I'm training a text classifier in PyTorch and I'm experiencing an unexplainable cyclical pattern in the loss curve. The loss drops drastically at the beginning of each epoch and then starts rising slowly. However, the global convergence pattern seems OK. Here's how it looks:
The model is very basic and I'm using the Adam optimizer with default parameters and a learning rate of 0.001. Batches are of 512 samples. I've checked and tried a lot of stuff, so I'm running out of ideas, but I'm sure I've made a mistake somewhere.
Things I've made sure of:
- Data is delivered correctly (VQA v1.0 questions).

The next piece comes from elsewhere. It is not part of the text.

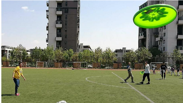
PE CLUB: FRISBEE

- DataLoader is shuffling the dataset.
- LSTM's memory is being zeroed correctly
- Gradient isn't leaking through input tensors.
Things I've already tried:
- Lowering the learning rate. Pattern remains, although amplitude is lower.
- Training without momentum (plain SGD). Gradient noise masks the pattern a bit, but it's still there.
- Using a smaller batch size (gradient noise can grow until it kinda masks the pattern, but that's not like solving it).
The model
class QuestionAnswerer(nn.Module):
def __init__(self):
super(QuestionAnswerer, self).__init__()
self._wemb = nn.Embedding(N_WORDS, HIDDEN_UNITS, padding_idx=NULL_ID)
self._lstm = nn.LSTM(HIDDEN_UNITS, HIDDEN_UNITS)
self._final = nn.Linear(HIDDEN_UNITS, N_ANSWERS)
def forward(self, question, length):
B = length.size(0)
embed = self._wemb(question)
hidden = self._lstm(embed)[0][length-1, torch.arange(B)]
return self._final(hidden)